• [What the exercise asks]
Return the material below exactly, but only from the line with "选中选好后,点击左下角的分享按钮,打开更多照片功能设置。" through the line with "2022年11月21日,空军", and without its pictures.

• [Provided data]
-------

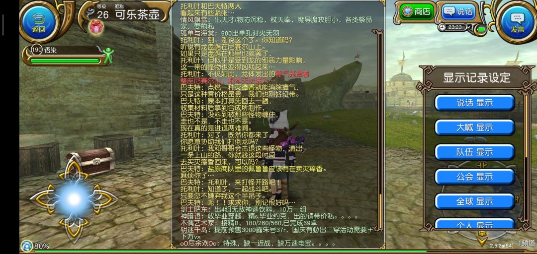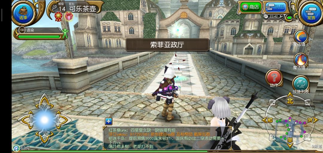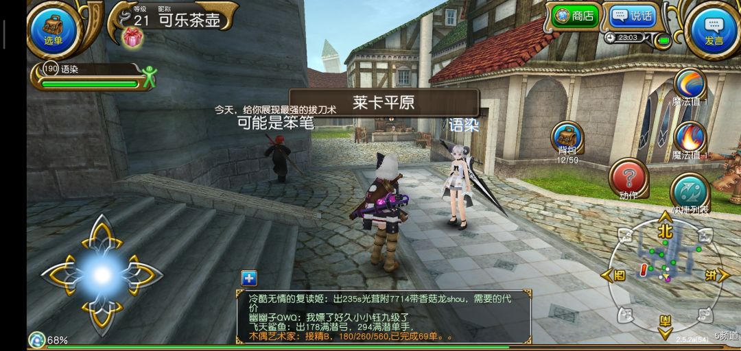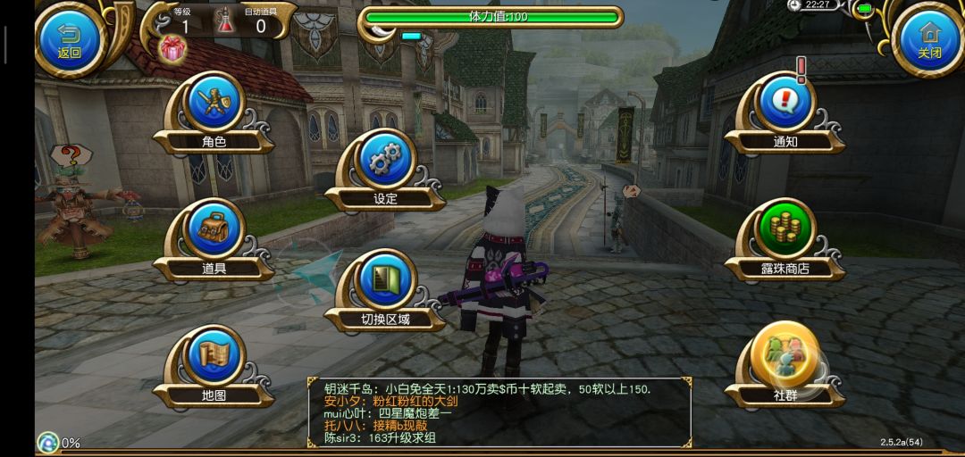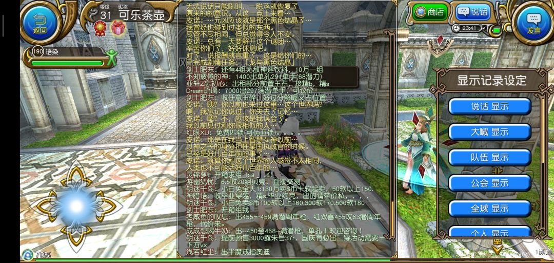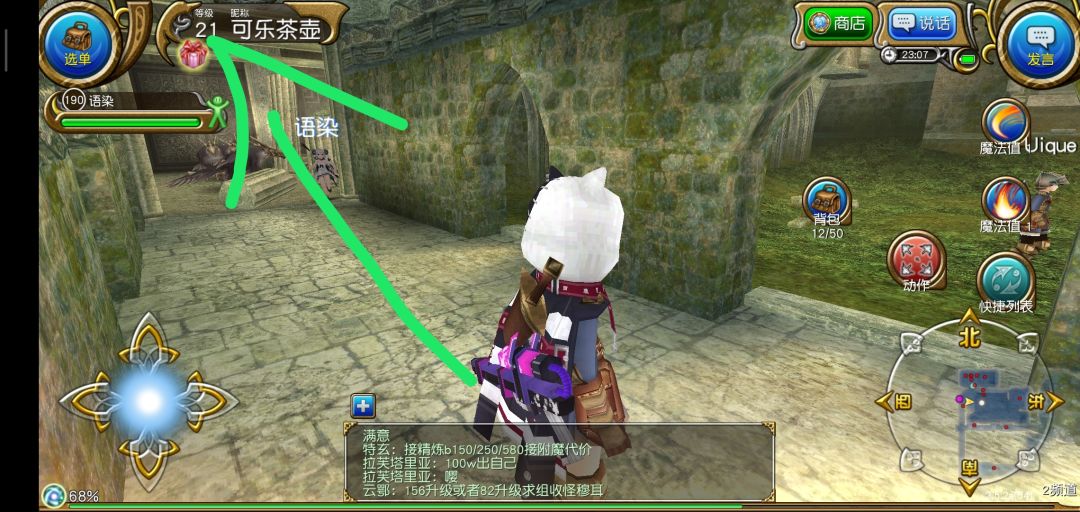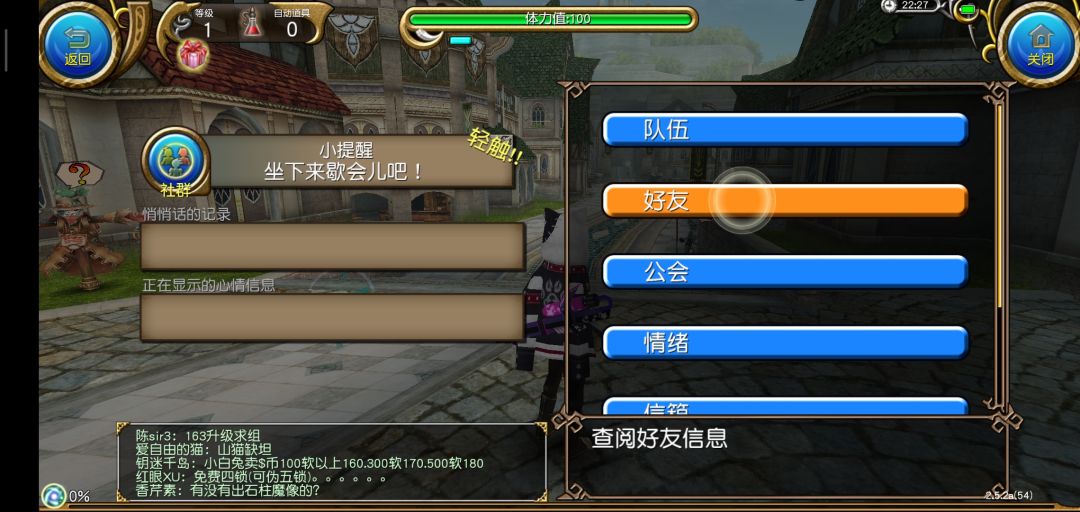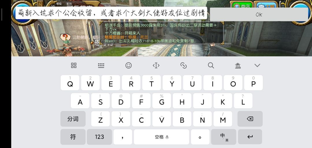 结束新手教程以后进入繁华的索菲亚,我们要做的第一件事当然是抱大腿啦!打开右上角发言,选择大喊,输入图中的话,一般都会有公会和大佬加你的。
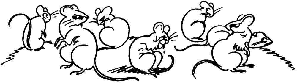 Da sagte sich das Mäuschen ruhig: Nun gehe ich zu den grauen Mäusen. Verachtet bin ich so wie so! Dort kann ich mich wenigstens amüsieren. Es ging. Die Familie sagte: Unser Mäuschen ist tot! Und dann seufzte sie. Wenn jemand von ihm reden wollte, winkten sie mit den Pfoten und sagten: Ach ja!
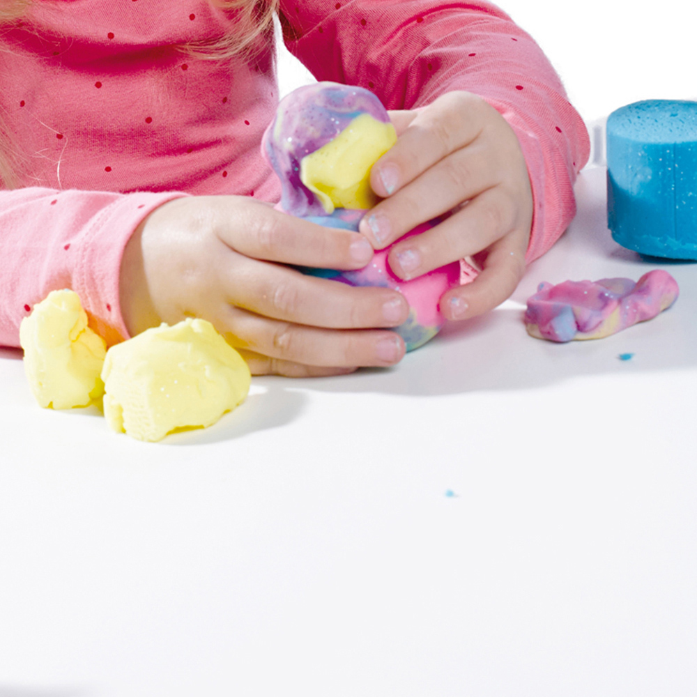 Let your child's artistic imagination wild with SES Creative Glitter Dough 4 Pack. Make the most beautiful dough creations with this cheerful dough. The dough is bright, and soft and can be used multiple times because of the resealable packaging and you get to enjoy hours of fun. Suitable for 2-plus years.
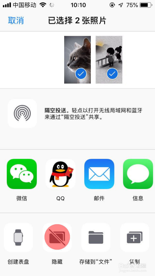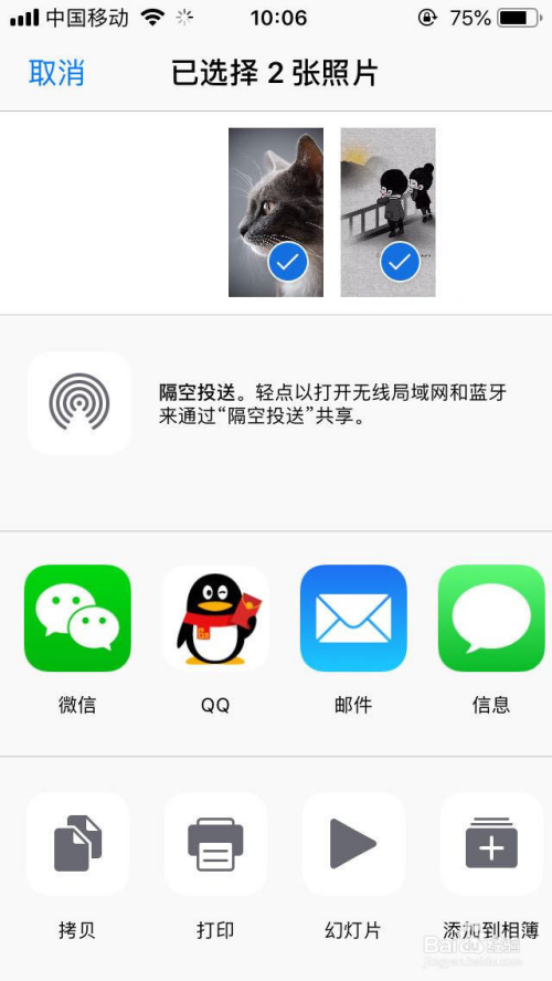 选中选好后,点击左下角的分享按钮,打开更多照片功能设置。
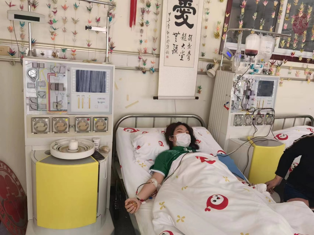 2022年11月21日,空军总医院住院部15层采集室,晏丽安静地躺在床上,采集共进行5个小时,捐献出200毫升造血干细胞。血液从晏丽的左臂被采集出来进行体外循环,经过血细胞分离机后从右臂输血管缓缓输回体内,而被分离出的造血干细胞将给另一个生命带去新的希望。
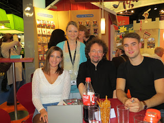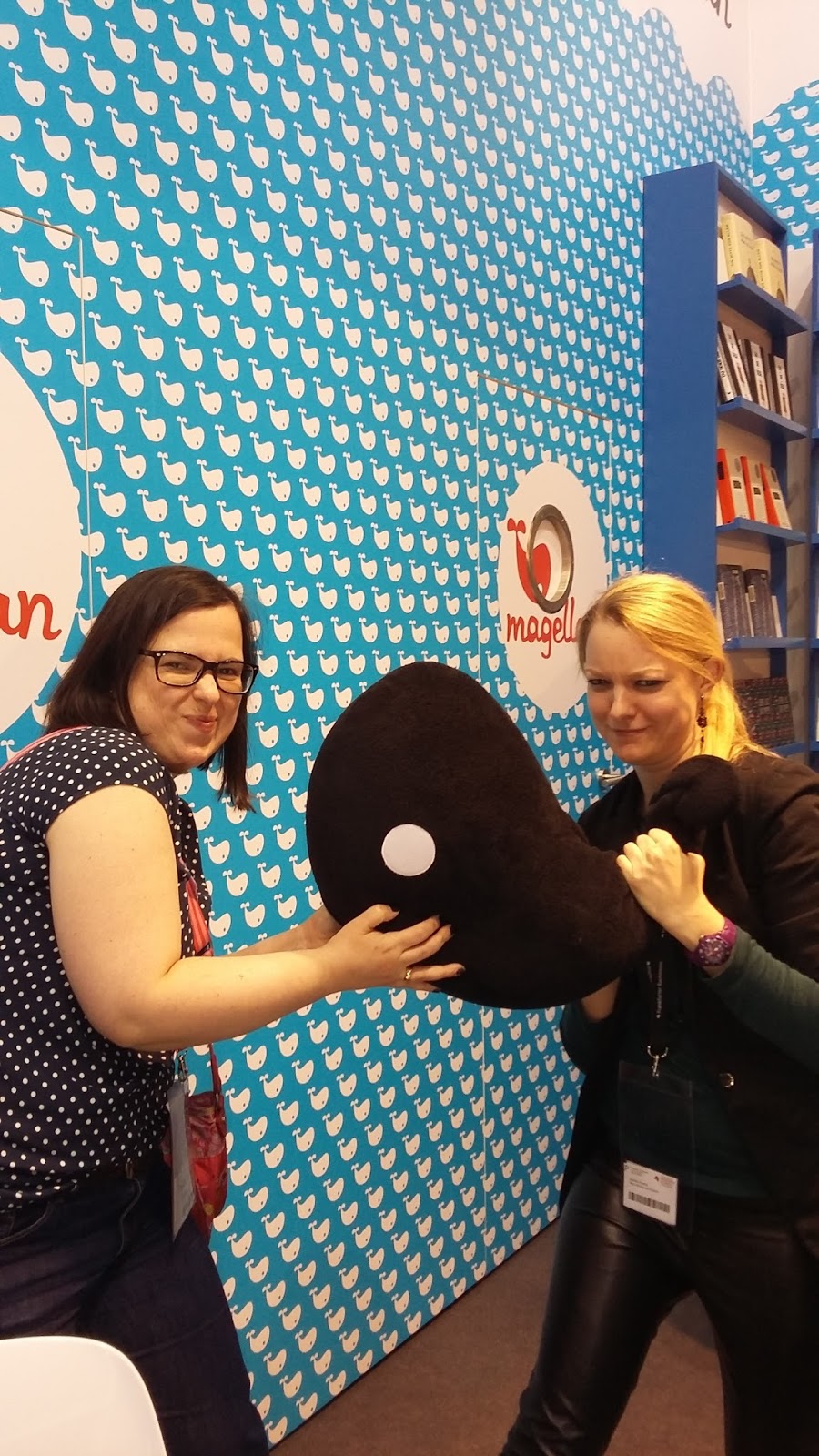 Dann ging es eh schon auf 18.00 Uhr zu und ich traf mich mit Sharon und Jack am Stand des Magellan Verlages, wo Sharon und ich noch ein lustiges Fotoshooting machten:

-------

• [Result]
 选中选好后,点击左下角的分享按钮,打开更多照片功能设置。
 2022年11月21日,空军总医院住院部15层采集室,晏丽安静地躺在床上,采集共进行5个小时,捐献出200毫升造血干细胞。血液从晏丽的左臂被采集出来进行体外循环,经过血细胞分离机后从右臂输血管缓缓输回体内,而被分离出的造血干细胞将给另一个生命带去新的希望。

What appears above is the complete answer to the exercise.